In the next week, classes will begin for both me and my daughter. This means that the summer is now officially over, and “the year” begins. As this transition happens, I reflect on what experiences this summer brought with it, as I mourn its passing.
This was the summer that began with leftover battles to play. The Cleveland Cavaliers became the first professional sports team from Cleveland in over fifty years to win a national championship, and while we were not in town for the celebrations, we watched the fun unfold from our vacation. This was the summer that saw a parade honoring those players, again, something that had not been seen in our town for as long of a time. And, as if not to be undone, this is the summer that saw the professional baseball team in Cleveland begin its season with a wonderful record. One friend from college even suggested that perhaps Cleveland could win a kind of a “triple crown” in all three major professional sports; basketball, baseball and football. While doubtful, I am still not giving up on that possibility.
This is the summer when I finished the work I had begun on my sabbatical semester, and found myself part of a group that will have our names on the front of a book. For me, this is a first time that this will be the case. Now that I realize how do-able writing in such quantities can be, I have resurrected some plans I have had for a series of mystery novels I have wanted to write for several years. I plan to write some outlines this coming academic year, and pound away at them next summer.
This was the summer that I saw my little nephew learn how to swim. As his father does not swim, this was a particularly important milestone for him, and I took great delight watching him put his head underwater as he paddled around the pool on vacation. His older sister, a wonderful swimmer, encouraged him in his new sport. Perhaps someday one of them will swim in the Olympics.
This was the summer when the Cleveland area was visited by outsiders. First came the Golden State Warriors, who left the local basketball team in what seemed like an impossible deficit, but was not. Then came the cicadas. Not exactly outsiders, few showed up in our basically suburban city. The same, however, cannot be said of the ash borers, leading some in our neighborhood to cut down trees that were over one hundred years old. When the cicadas left, the Republicans came to town, clogging traffic but not spending as much time or money in the city as expected. My husband did note that a group of them came to our city to enjoy the lake and kayak, something that he was particularly proud of.
This was the summer that Pokémon Go! took over the afternoons of many, as they wandered around looking for hidden characters. We soon found that we had to be extra careful in driving through one very walkable section of a neighboring town, as people walked, watching their phones but hardly paying attention. I soon realized why; some of the stores had signs on them proclaiming that there were Pokémon characters to be found there. My husband described the scene as the “zombie apocalypse.”

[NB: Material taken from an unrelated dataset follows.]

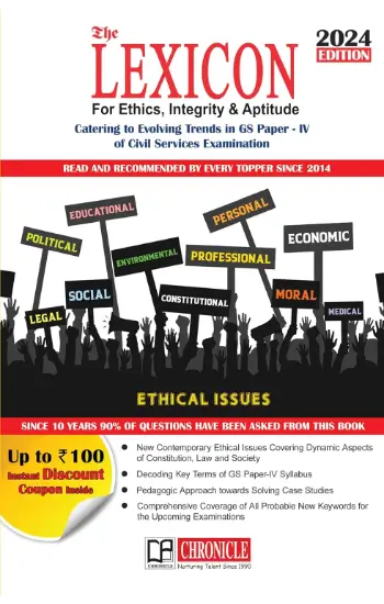6)The Lexicon for Ethics, Integrity & Aptitude 2024 :-Welcome to the tenth revised edition of “The Lexicon For Ethics, Integrity & Aptitude,” a comprehensive compendium meticulously crafted for students aspiring to excel in the UPSC Civil Services Examination, specifically addressing the syllabus of General Studies Paper IV. As the dynamic landscape of the UPSC examination evolves, so does our commitment to provide students with an updated and comprehensive resource that aligns seamlessly with the changing patterns of the examination. This edition decodes the key terms of the syllabus for easier understanding of the discipline by the students. Over the past three years, “Lexicon” has been progressively adapting itself to cater to the evolving demands of the UPSC examination. In this tenth edition, we continue our journey of refinement, incorporating subject matter that reflects the latest developments and emerging trends in the fields of ethics, public life, society, and governance. Originally designed to acquaint students with the academic discourse of GS Paper IV, “Lexicon” has undergone substantial revisions and enrichments in its dimensions and depth. Given the dynamism of the syllabus and the agile demand of the examination, new topics and dimensions like Moral Intuition, Ethical Altruism, Principle of Non- Refoulement, etc. have been added in the present edition. The book now addresses not only the core principles of ethics but also explores new and pertinent topics such as constitutional and legal issues, along with contemporary ethical issues like Moonlighting, Homosexual Marriage Rights, Begging, and Prostitution, etc. Recognising the ever-growing complexities of the examination, this edition delves deeper into the psychology of dealing with case studies. It aims to ensure that students not only comprehend the ethical principles but also develop the psychological aptitude necessary for effective decision-making, aligning them with the qualities of a successful civil servant. The tenth edition not only deals with the approach to solve the case studies but also ensures that students get a glimpse into concepts of GS Paper IV while addressing the case studies. This will help develop the required aptitude and orientation as per the demand of the examination. The GS Paper IV demands more than just an understanding of ethics paper; it requires individuals to align their behaviour with ethical principles in their daily lives. To meet this expectation, the book has been revised and reconceptualised since its inception by Chronicle Editorial Team, incorporating their rich experiences and expertise. Their valuable insights gained through years of research have transformed this edition into a comprehensive and holistic solution for students, providing them with a one-stop reference for mastering the intricacies of GS Paper IV. We hope that “Lexicon For Ethics, Integrity & Aptitude” serves as an invaluable companion in your journey towards success in the UPSC Civil Services Examination. May this edition empower you with the knowledge, aptitude, and ethical acumen required to navigate the challenges and emerge as a responsible and effective civil servant.

And finally, this was the summer that saw the names of not one, but two women show up on most states’ ballots for President of the United States. As I have spent my academic career in male-dominated fields, I was surprised at how excited I was to see that. While I am not endorsing either of them, I am excited that, thanks to recent elections, my daughter will never think of the presidency of the United States as something that can only be aspired to by people who are White men. And, I must admit, I did shed a tear when I realized that.
What memories do you have of this summer that is soon fading into history?
Wishing all of my readers a wonderful new semester as the calendar turns its pages to the new year.